## RAW DATA

=====

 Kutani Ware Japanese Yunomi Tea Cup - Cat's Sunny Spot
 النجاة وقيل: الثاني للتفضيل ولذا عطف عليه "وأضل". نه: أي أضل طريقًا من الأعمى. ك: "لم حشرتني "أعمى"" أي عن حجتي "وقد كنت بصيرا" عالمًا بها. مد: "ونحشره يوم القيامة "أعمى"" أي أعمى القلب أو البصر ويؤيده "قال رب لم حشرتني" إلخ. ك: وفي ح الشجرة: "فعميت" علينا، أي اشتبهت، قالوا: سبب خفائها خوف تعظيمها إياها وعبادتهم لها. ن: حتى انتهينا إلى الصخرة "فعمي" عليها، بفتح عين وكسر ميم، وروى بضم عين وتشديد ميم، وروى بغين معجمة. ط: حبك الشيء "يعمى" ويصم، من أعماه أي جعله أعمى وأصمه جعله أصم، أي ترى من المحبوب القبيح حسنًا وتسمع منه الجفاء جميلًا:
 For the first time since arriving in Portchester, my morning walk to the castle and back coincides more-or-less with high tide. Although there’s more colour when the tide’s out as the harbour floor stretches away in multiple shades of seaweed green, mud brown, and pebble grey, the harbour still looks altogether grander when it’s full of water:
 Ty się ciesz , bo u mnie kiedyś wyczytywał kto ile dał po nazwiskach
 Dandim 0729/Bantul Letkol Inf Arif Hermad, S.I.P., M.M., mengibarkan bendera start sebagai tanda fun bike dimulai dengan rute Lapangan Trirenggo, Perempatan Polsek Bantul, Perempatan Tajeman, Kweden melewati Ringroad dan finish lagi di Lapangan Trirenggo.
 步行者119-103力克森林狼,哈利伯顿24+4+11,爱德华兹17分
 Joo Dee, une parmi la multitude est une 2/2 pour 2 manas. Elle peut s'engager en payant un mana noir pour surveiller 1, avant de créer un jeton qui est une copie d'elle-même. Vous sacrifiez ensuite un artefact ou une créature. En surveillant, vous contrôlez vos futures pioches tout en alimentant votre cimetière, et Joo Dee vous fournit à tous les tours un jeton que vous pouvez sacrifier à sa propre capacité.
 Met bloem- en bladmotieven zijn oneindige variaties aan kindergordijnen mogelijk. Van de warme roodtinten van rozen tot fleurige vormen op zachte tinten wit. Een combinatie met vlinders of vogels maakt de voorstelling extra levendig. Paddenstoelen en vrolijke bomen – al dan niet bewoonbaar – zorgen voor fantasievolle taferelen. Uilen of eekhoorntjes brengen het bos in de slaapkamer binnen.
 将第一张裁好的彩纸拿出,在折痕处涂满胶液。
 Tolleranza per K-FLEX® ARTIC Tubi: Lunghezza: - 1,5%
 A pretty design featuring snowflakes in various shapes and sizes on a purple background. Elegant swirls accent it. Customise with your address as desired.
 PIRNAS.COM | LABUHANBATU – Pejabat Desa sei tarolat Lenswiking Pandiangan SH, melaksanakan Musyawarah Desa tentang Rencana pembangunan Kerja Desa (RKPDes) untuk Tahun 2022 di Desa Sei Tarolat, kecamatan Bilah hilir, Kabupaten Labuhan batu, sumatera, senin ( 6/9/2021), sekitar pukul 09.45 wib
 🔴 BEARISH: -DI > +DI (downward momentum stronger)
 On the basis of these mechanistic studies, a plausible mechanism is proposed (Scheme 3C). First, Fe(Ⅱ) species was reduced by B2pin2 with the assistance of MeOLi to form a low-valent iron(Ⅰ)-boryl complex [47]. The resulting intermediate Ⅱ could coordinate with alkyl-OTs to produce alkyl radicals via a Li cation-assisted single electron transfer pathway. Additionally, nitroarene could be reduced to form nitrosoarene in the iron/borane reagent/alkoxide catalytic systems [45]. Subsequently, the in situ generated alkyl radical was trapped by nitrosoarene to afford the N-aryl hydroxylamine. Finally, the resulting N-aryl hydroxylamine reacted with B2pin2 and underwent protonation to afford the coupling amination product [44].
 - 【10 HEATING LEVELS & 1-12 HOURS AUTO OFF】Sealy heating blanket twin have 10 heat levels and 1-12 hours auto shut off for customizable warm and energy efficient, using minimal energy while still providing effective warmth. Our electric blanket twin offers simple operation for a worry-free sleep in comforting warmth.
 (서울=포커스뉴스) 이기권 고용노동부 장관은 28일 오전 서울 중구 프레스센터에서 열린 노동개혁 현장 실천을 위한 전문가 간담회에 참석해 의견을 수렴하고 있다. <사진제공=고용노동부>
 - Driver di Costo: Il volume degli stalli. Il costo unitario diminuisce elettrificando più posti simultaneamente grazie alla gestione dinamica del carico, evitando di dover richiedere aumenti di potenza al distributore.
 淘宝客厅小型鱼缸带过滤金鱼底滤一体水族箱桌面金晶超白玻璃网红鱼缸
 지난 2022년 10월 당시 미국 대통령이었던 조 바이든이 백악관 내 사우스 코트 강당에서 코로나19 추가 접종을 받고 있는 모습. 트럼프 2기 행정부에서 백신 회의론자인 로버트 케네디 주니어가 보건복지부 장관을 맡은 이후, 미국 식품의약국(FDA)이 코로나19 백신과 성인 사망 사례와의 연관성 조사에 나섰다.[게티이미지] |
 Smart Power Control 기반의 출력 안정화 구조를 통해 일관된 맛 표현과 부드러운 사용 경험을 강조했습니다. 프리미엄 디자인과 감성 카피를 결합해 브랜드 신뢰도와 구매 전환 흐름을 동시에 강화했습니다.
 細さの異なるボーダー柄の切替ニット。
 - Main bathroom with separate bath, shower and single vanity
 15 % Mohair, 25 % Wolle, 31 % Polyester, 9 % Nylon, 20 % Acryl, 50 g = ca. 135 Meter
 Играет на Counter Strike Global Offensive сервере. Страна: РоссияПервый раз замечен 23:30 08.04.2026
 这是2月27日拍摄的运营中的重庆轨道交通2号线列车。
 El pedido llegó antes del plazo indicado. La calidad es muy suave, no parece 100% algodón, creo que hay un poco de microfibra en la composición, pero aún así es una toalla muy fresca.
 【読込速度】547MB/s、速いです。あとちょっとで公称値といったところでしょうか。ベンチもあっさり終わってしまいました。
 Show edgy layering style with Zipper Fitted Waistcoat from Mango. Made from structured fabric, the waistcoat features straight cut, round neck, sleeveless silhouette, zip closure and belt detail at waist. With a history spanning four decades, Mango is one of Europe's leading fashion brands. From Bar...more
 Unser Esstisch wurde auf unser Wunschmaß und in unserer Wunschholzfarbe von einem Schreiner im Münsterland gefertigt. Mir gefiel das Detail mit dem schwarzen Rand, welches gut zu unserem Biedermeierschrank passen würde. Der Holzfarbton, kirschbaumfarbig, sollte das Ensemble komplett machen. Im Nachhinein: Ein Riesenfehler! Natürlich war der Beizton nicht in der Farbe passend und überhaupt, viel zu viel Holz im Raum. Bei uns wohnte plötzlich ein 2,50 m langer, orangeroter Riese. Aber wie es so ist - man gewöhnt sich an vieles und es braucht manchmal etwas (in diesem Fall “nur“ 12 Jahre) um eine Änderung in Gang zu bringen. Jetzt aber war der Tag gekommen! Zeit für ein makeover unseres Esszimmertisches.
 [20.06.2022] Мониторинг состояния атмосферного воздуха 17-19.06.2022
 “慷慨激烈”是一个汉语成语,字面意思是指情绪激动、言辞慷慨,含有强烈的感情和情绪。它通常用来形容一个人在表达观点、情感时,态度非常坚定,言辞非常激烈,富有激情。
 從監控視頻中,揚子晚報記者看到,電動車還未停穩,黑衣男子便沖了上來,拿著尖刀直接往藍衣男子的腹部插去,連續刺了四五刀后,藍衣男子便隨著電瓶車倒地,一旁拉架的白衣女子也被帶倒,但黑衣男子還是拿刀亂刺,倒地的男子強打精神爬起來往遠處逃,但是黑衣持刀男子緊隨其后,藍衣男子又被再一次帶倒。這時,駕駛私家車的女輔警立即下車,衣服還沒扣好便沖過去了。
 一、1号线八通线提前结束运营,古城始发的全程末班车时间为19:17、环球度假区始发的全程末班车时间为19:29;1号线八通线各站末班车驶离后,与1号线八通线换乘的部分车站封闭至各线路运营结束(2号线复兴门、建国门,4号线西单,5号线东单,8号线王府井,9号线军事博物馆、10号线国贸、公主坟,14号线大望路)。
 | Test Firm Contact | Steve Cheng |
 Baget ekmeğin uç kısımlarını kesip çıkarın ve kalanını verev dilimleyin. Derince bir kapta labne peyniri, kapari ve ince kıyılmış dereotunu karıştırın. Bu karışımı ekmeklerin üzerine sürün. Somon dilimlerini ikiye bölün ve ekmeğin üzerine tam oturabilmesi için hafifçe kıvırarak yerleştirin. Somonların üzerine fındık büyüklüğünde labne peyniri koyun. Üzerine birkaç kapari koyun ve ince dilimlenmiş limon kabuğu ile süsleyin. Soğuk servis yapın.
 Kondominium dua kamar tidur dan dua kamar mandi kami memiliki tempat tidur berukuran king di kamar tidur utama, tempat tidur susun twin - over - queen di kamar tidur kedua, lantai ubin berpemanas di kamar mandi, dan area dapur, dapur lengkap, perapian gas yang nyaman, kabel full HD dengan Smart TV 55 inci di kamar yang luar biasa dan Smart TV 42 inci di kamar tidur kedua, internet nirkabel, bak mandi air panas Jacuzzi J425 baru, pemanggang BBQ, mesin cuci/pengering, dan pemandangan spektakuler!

=====

## WORK ITEM
With the string "Smart" as the key, filter the data above and show the lines that match.

## SOLUTION TO THIS EXERCISE
 Smart Power Control 기반의 출력 안정화 구조를 통해 일관된 맛 표현과 부드러운 사용 경험을 강조했습니다. 프리미엄 디자인과 감성 카피를 결합해 브랜드 신뢰도와 구매 전환 흐름을 동시에 강화했습니다.
 Kondominium dua kamar tidur dan dua kamar mandi kami memiliki tempat tidur berukuran king di kamar tidur utama, tempat tidur susun twin - over - queen di kamar tidur kedua, lantai ubin berpemanas di kamar mandi, dan area dapur, dapur lengkap, perapian gas yang nyaman, kabel full HD dengan Smart TV 55 inci di kamar yang luar biasa dan Smart TV 42 inci di kamar tidur kedua, internet nirkabel, bak mandi air panas Jacuzzi J425 baru, pemanggang BBQ, mesin cuci/pengering, dan pemandangan spektakuler!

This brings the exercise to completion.